Study material -
____

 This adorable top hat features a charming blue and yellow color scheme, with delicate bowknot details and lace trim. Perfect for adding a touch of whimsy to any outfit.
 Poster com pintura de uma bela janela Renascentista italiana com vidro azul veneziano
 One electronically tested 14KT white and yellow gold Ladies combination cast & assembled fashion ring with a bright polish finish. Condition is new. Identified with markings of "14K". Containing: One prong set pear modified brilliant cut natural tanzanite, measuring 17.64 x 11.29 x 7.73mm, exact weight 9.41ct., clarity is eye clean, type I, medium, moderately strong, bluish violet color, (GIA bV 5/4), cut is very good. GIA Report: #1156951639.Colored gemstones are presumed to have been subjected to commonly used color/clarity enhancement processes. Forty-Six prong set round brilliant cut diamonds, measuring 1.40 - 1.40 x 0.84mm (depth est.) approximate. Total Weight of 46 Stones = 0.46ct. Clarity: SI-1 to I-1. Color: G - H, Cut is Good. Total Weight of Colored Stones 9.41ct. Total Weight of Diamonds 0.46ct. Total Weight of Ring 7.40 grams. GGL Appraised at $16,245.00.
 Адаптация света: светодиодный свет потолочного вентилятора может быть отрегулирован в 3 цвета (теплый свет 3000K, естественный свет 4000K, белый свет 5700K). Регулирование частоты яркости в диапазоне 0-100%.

____

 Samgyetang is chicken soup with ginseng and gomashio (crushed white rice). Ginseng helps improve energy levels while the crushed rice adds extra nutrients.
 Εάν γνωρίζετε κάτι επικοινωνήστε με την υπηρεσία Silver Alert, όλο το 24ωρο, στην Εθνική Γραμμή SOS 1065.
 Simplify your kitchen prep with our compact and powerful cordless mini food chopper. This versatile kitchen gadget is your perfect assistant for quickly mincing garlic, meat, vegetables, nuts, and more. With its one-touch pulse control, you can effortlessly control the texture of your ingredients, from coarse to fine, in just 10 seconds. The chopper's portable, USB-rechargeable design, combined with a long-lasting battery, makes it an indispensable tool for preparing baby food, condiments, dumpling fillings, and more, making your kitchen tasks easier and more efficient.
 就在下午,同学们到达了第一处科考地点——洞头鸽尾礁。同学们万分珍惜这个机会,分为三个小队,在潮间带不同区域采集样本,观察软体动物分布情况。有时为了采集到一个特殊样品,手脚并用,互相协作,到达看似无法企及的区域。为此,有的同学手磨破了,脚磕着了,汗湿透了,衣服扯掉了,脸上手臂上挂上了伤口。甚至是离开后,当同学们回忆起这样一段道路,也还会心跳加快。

____

Exercise prompt - Each line above from the one with "Εάν γνωρίζετε κάτι" up to and including the one with "就在下午,同学们到达了第一处" must be set down exactly, and no line outside that span may appear.

Task response -
 Εάν γνωρίζετε κάτι επικοινωνήστε με την υπηρεσία Silver Alert, όλο το 24ωρο, στην Εθνική Γραμμή SOS 1065.
 Simplify your kitchen prep with our compact and powerful cordless mini food chopper. This versatile kitchen gadget is your perfect assistant for quickly mincing garlic, meat, vegetables, nuts, and more. With its one-touch pulse control, you can effortlessly control the texture of your ingredients, from coarse to fine, in just 10 seconds. The chopper's portable, USB-rechargeable design, combined with a long-lasting battery, makes it an indispensable tool for preparing baby food, condiments, dumpling fillings, and more, making your kitchen tasks easier and more efficient.
 就在下午,同学们到达了第一处科考地点——洞头鸽尾礁。同学们万分珍惜这个机会,分为三个小队,在潮间带不同区域采集样本,观察软体动物分布情况。有时为了采集到一个特殊样品,手脚并用,互相协作,到达看似无法企及的区域。为此,有的同学手磨破了,脚磕着了,汗湿透了,衣服扯掉了,脸上手臂上挂上了伤口。甚至是离开后,当同学们回忆起这样一段道路,也还会心跳加快。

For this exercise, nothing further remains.